____ Data
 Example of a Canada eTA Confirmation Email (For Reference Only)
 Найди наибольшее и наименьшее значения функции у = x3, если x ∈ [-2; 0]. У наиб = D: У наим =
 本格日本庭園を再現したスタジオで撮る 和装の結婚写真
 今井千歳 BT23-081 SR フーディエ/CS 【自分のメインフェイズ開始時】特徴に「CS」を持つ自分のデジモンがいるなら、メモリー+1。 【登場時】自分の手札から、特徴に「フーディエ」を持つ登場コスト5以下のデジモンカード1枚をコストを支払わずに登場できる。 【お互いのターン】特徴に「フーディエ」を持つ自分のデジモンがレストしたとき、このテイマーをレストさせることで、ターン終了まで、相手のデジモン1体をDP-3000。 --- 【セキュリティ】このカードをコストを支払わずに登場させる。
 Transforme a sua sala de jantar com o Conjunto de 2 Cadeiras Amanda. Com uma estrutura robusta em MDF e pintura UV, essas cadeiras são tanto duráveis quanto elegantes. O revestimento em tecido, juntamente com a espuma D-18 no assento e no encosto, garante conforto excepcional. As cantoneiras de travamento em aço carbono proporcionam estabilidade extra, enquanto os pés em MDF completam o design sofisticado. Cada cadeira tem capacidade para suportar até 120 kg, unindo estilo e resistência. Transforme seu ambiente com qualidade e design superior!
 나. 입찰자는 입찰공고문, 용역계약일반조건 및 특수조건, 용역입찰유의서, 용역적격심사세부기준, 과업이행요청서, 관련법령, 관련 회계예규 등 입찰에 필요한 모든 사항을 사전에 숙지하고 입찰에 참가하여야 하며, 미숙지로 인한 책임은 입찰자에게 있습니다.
________
____ Data
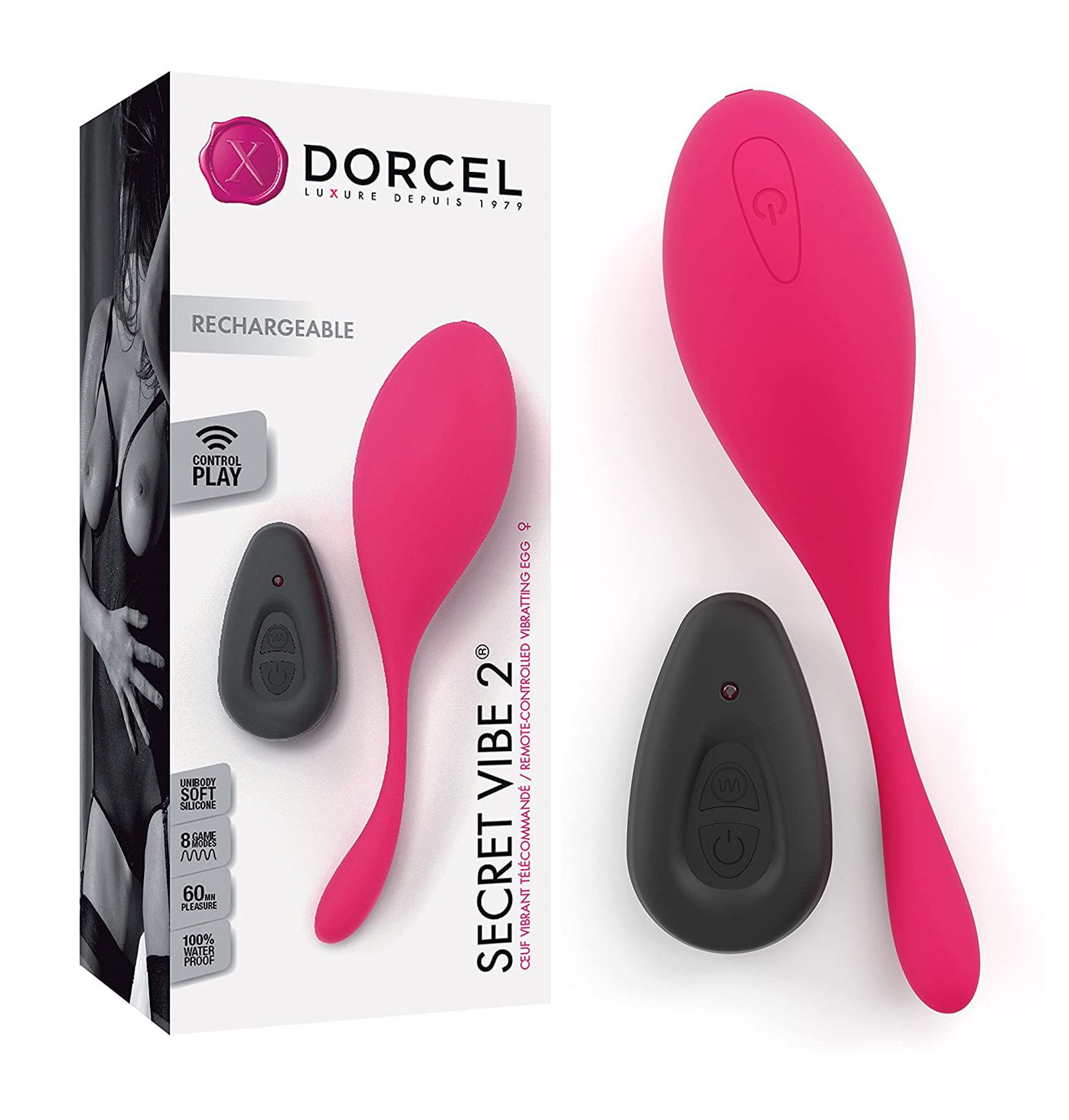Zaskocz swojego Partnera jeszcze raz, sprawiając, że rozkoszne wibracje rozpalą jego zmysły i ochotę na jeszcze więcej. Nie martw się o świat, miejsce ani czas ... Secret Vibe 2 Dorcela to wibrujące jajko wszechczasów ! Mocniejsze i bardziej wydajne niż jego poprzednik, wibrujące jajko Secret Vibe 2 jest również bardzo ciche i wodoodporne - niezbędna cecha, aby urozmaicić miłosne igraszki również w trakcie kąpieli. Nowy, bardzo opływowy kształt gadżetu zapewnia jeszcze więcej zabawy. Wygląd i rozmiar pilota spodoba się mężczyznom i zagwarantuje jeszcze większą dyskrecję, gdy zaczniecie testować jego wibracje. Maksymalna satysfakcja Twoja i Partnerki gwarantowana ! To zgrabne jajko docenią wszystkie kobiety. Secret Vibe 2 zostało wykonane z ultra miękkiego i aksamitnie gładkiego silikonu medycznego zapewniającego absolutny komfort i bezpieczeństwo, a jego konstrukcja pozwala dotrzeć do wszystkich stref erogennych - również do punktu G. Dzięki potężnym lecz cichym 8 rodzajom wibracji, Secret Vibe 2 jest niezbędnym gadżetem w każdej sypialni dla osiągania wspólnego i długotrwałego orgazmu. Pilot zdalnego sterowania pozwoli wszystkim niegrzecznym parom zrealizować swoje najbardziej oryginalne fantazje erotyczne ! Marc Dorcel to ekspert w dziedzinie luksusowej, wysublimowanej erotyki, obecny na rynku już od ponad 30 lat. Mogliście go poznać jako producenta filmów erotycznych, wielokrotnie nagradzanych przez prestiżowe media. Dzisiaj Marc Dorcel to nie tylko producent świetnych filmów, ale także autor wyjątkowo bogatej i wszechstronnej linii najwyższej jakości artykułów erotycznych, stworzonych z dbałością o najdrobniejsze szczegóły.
________
In the entries above, please find the line with "Найди наибольшее и" and the line with "今井千歳 BT23-081 SR", then write out exactly those two lines and every line between them, and nothing more.

→ Answer for the task:
 Найди наибольшее и наименьшее значения функции у = x3, если x ∈ [-2; 0]. У наиб = D: У наим =
 本格日本庭園を再現したスタジオで撮る 和装の結婚写真
 今井千歳 BT23-081 SR フーディエ/CS 【自分のメインフェイズ開始時】特徴に「CS」を持つ自分のデジモンがいるなら、メモリー+1。 【登場時】自分の手札から、特徴に「フーディエ」を持つ登場コスト5以下のデジモンカード1枚をコストを支払わずに登場できる。 【お互いのターン】特徴に「フーディエ」を持つ自分のデジモンがレストしたとき、このテイマーをレストさせることで、ターン終了まで、相手のデジモン1体をDP-3000。 --- 【セキュリティ】このカードをコストを支払わずに登場させる。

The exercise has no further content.